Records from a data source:

^^^^^^^^^^^^^^^^

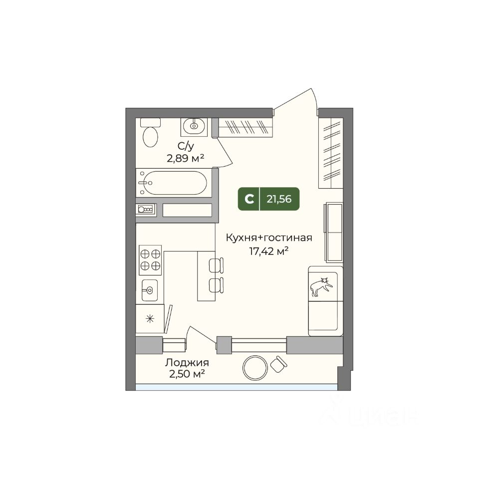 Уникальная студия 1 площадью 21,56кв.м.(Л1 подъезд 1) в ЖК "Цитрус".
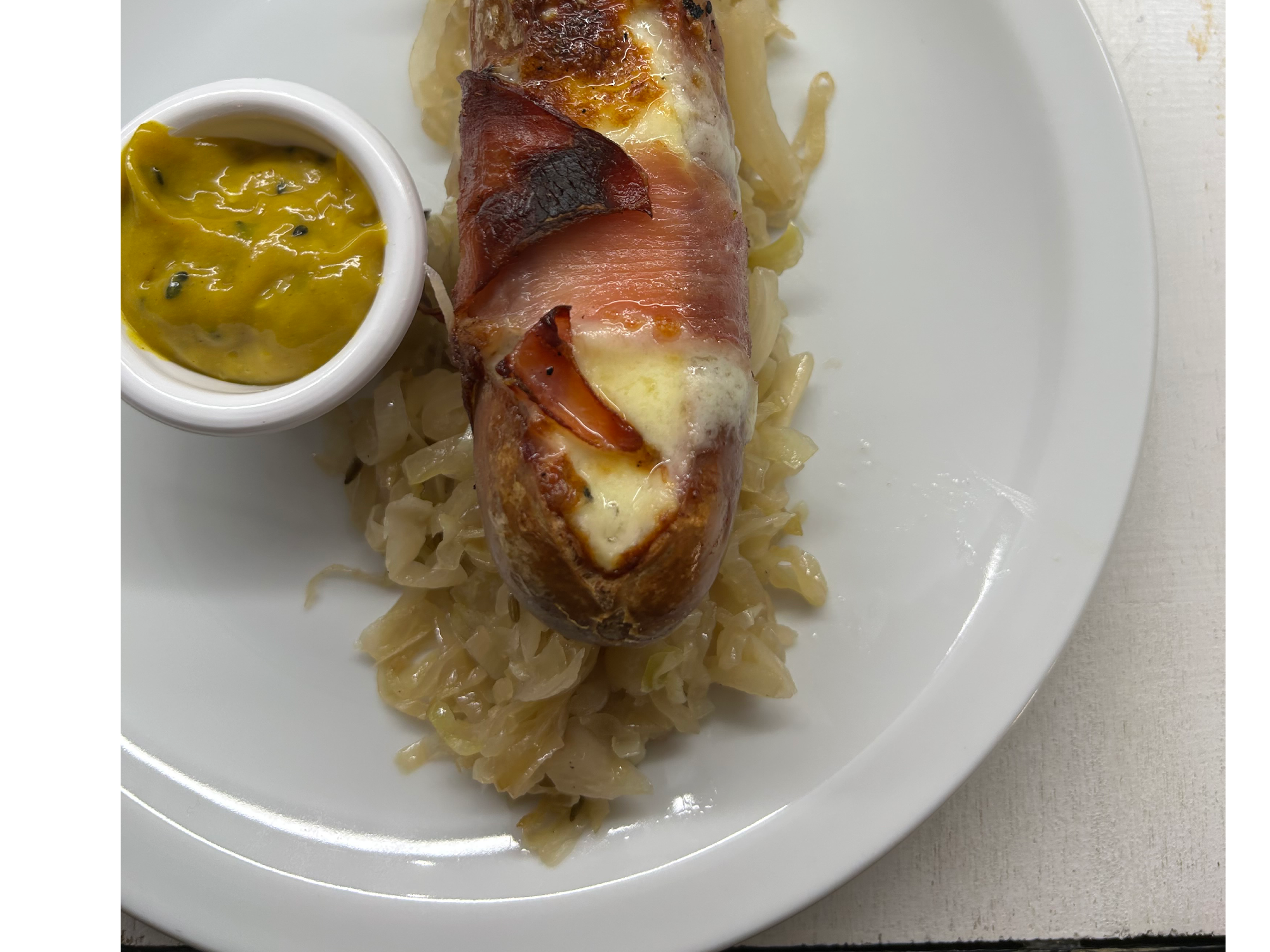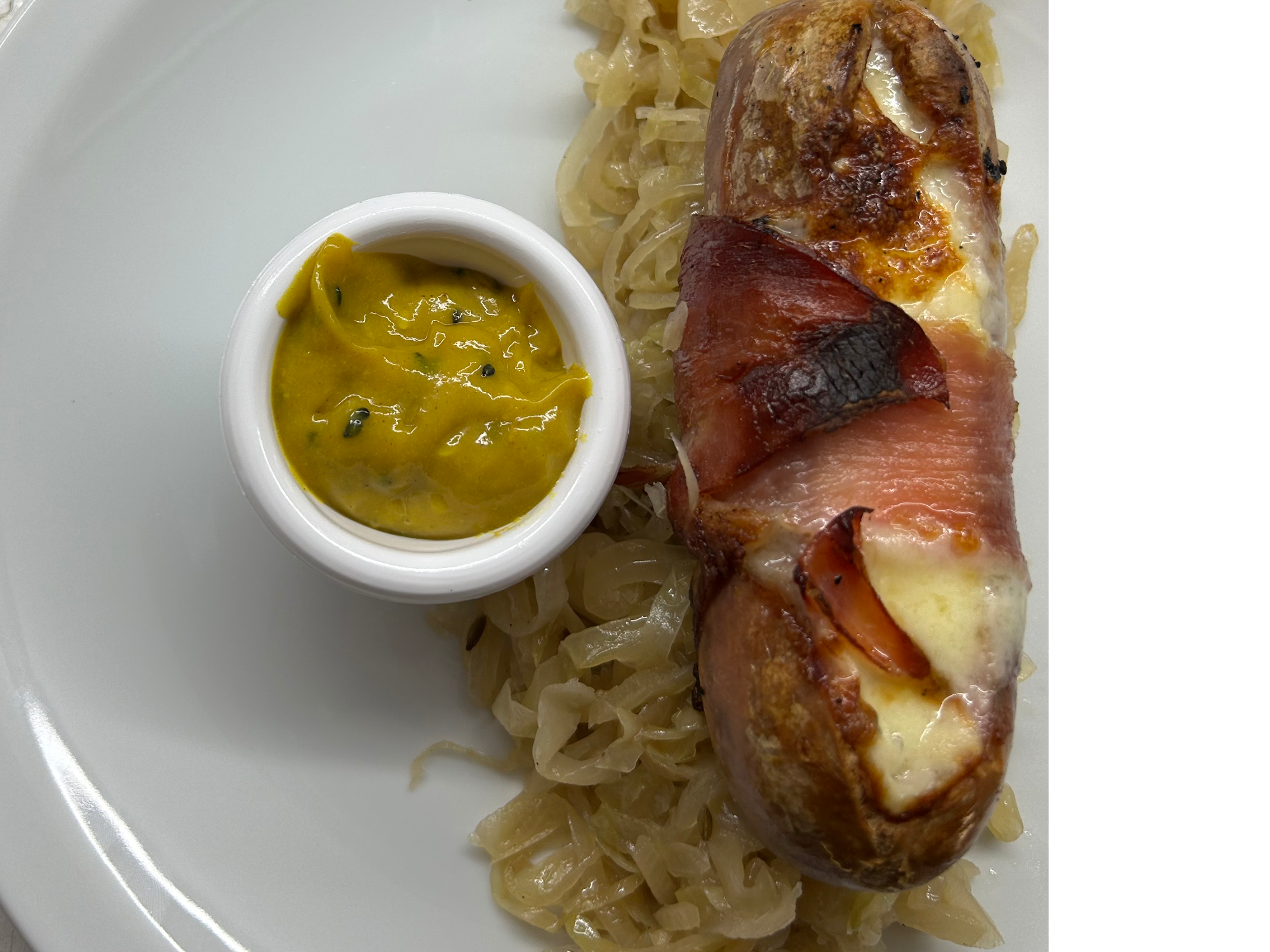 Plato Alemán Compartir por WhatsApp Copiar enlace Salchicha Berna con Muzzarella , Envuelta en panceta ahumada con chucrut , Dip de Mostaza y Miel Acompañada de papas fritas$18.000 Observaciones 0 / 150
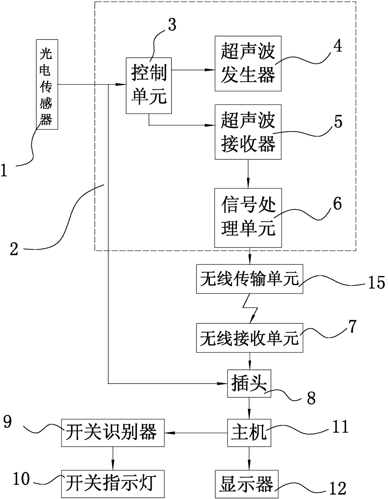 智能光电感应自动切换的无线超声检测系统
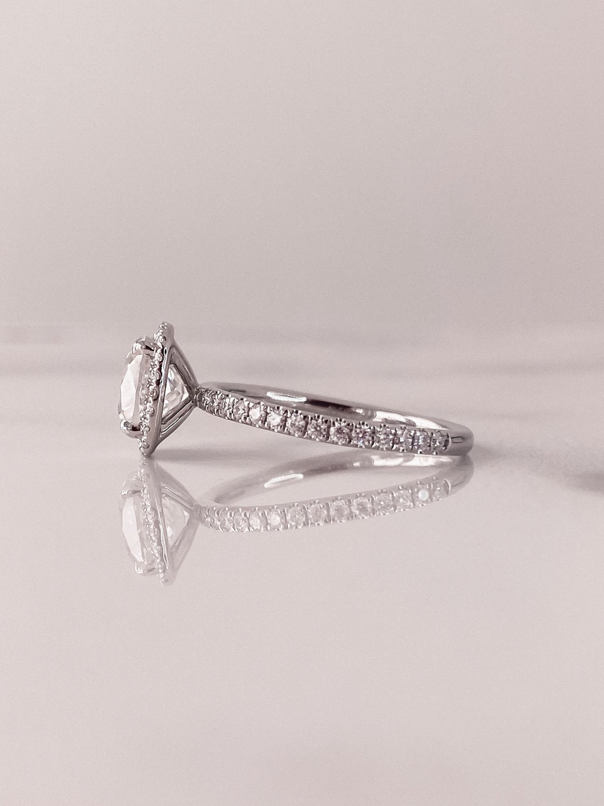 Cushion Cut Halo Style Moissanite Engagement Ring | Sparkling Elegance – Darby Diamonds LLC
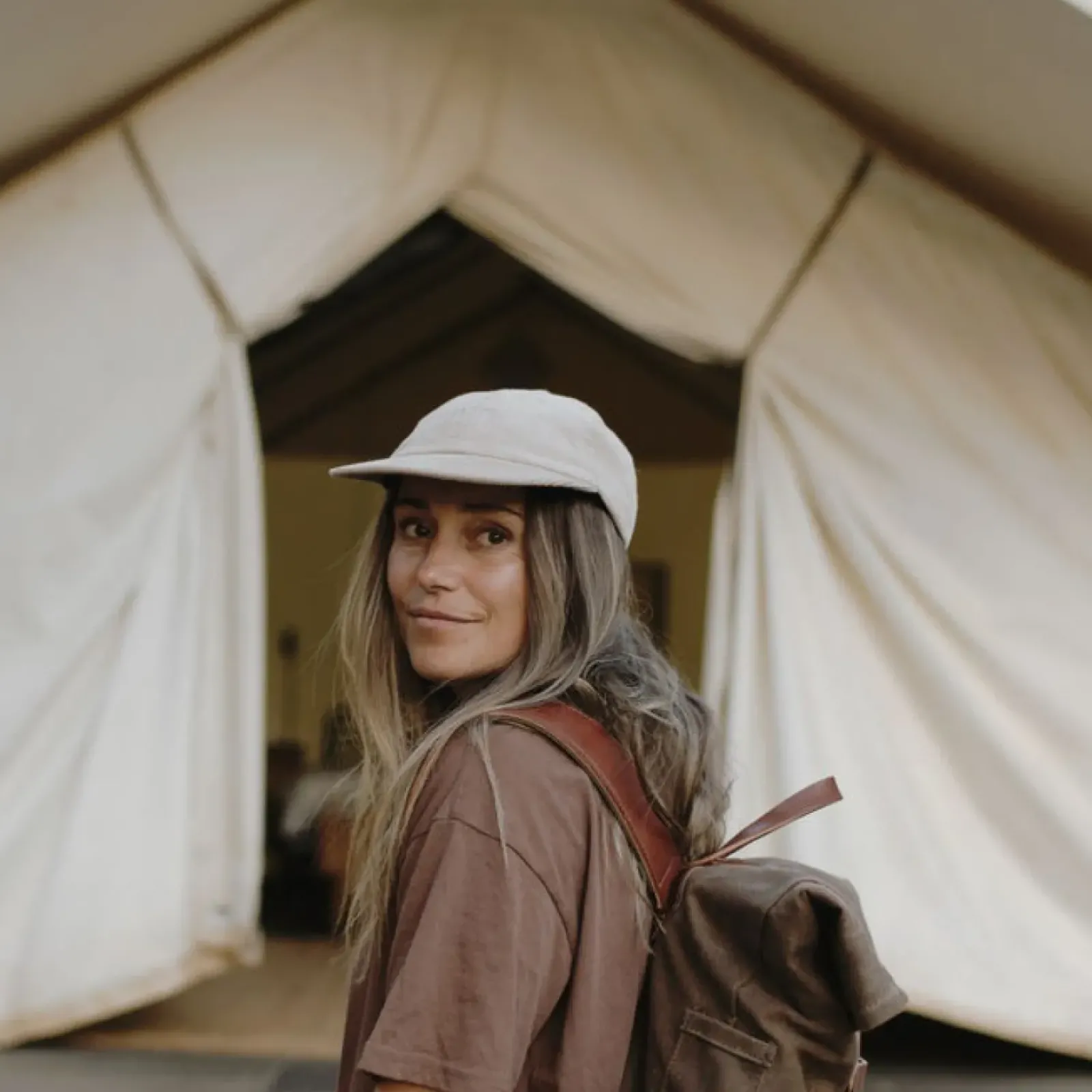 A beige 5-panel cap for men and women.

^^^^^^^^^^^^^^^^

### [Your assignment]
All of the data above should be quoted exactly, except for the pictures.

### [Exercise output]
 Уникальная студия 1 площадью 21,56кв.м.(Л1 подъезд 1) в ЖК "Цитрус".
 Plato Alemán Compartir por WhatsApp Copiar enlace Salchicha Berna con Muzzarella , Envuelta en panceta ahumada con chucrut , Dip de Mostaza y Miel Acompañada de papas fritas$18.000 Observaciones 0 / 150
 智能光电感应自动切换的无线超声检测系统
 Cushion Cut Halo Style Moissanite Engagement Ring | Sparkling Elegance – Darby Diamonds LLC
 A beige 5-panel cap for men and women.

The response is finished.